Pradeep Ravikumar
Professor of Computer Science at Carnegie Mellon University
Banatao Auditorium | 310 Sutardja Dai Hall
Friday AprilĀ 5, 2024 at 11am
Modern self-supervised representation learning approaches such as contrastive learning and masked language modeling have had considerable empirical successes. A typical approach to evaluate such representations involves learning a linear probe on top of such representations and measuring prediction performance with respect to some downstream prediction task. We add to a burgeoning understanding of such representation learning approaches as learning eigenfunctions of certain Laplacian operators, so that learning a linear probe can be naturally connected to RKHS regression with implicitly specified kernels.
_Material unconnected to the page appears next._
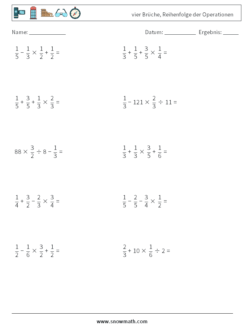 (10) vier Brüche, Reihenfolge der Operationen Mathe-Arbeitsblätter 10

This allows us to extend non-parametric tools from RKHS regression analysis to analyze the performance of self-supervised representation learning methods, in a way that completely side-steps grappling with neural network based function classes used in practice for the representation encoders. This contravenes prevailing wisdom that we cannot understand these modern representation learning methods without understanding the inductive bias implicit in the intersection of deep neural networks and the optimization methods used to learn them. We specifically focus on augmentation based self-supervised learning approaches, and isolate key structural complexity characterizations of augmentations that we show can be used to quantitatively inform downstream performance of the learned representations.
Speaker Bio
Pradeep Ravikumar is a Professor in the Machine Learning Department, School of Computer Science at Carnegie Mellon University. His thesis has received honorable mentions in the ACM SIGKDD Dissertation award and the CMU School of Computer Science Distinguished Dissertation award. He is a Sloan Fellow, a Siebel Scholar, a recipient of the NSF CAREER Award, and co-editor-chief of the Journal of Machine Learning Research. His recent research interests are in neuro-symbolic AI, combining statistical machine learning, and symbolic and causal learning.